“味道很好,你要不跟著一起吃點?”霍景珩難得如此親暱地叫上她。
溫語視線從始至終都在書本上,但在霍景珩進門以後,她卻一個字都看不進去。
強裝鎮定,剛想要搖頭拒絕,劉媽卻突然開口:“太太,您好不容易親自下一回廚,晚上本來也沒吃多少,過來再吃點吧。”
嫁進霍家三年,劉媽待她如親人,從未有過半點僭越。
各方面實在沒得挑。
溫語不想讓劉媽難做,看在劉媽的面子上,終於肯放下手中的書,穿上拖鞋從客廳走了過來。

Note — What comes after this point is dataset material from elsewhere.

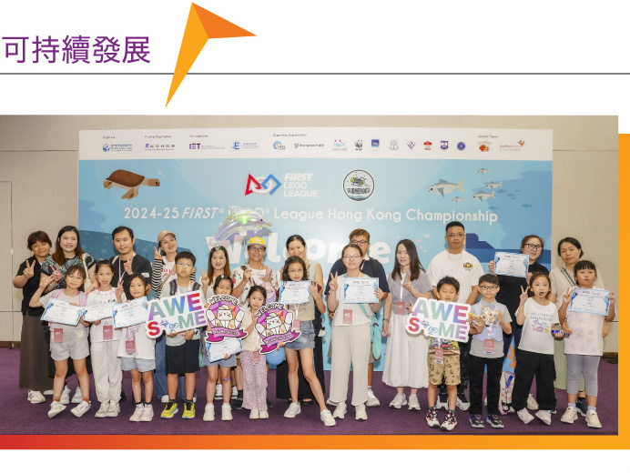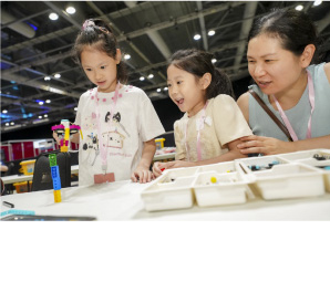 今屆FLL香港錦標賽於7月26至27日在亞博館圓滿舉行,吸引了超過300支本地及海外隊伍參賽,場面盛大。今年比賽主題是「SUBMERGED 」海洋探索,學生以創意與技術喚起永續海洋的重要性。參賽隊伍須展現創新、編程、解難及團隊合作,除了動手設計機械人執行一系列水底任務,更要時刻調整比賽策略。活動兩日吸引逾3,000名學生、超過500位教師及業界人士參與。亞博館更特別與主辦單位合作舉辦親子編程工作坊,邀請東涌社區家庭參 與,即使年僅6歲的小朋友也能透過遊戲學習編程。在 「玩住學」的愉快氛圍中,STEAM教育不再是精英的 專利,而是人人都能參與的快樂旅程。
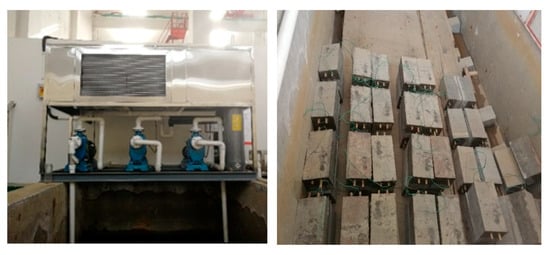 By adding 0.25%, 0.5% and 0.75% imidazoline inhibitors into C30 concrete, and BIEM is introduced during the curing period. The current density is set to 3 A/m2 and the power-on time is 15 days, and the samples were marked as Table 4. After the power-on, the dry-wet cycle test (Figure 9) was initiated at the same time. The concentration of sodium chloride in tidal simulator is 3.5%. 72 h as a cycle of drying and wetting in the experiment. In each cycle, concrete specimens were soaked for 18 h and dried for 54 h. The dry-wet cycle time of reinforced concrete specimens is 30 days.

她剛要隨手就近拉開椅子坐下,霍景珩先她一步扯開旁邊的座位,讓她坐到自己身邊來:“坐到我身邊來,離那麼近幹什麼?”
溫語沉沉撥出一口氣,邁開腿坐了過去。
剛坐下,一碗熱騰騰的蹄花湯便推到她的眼前。
霍景珩還貼心地從劉媽手中接過筷子跟湯勺,分開她的手指,把勺子放到她的手中。
弄得她好像是個剛學會吃飯的孩子,還需要有人教她怎麼使用餐具。
“蹄花湯很補的,你多喝一點,別光只在意我,對自己也要上點心,知道嗎?”霍景珩又單獨盛了一碗湯放在旁邊。
準備放涼,待做備用。
萬一溫語喝完還想再喝,也能立馬喝上,不需要再放涼。
這些細心的小巧思一絲不落地被劉媽看在眼裡,劉媽笑著合不攏嘴,捂著嘴角轉身走進廚房,把空間留給夫妻倆。
俗話說,小別勝新婚。
兩人才幾天不見,先生看上去卻很十分想念太太。
劉媽剛一走,桌上的氣氛頓時冷了下來。
能聽到瓷勺跟碗壁發出碰撞的清脆聲。
面對眼前的冒著熱氣的湯,溫語卻微微蹙了下眉。
濃郁的香氣飄進鼻息間,非但沒有引起她的食慾,反而引起她的不適。
看著油膩膩的,沒有半點胃口,噁心一陣接著一陣,難以抑制地湧上喉嚨。
她下意識地揉著虎口的穴位,強壓下不適。
她現在還不能離開餐桌。
不是因為不想惹霍景珩生氣,而是——
她找他有正事。
“嬸嬸手術進展到哪一步了?”溫語輕輕提起話題,“這幾天我去看她,見她恢復得還不錯,精氣神都挺好的。如果可以,我想盡快手術,嬸嬸的病不能再拖了。”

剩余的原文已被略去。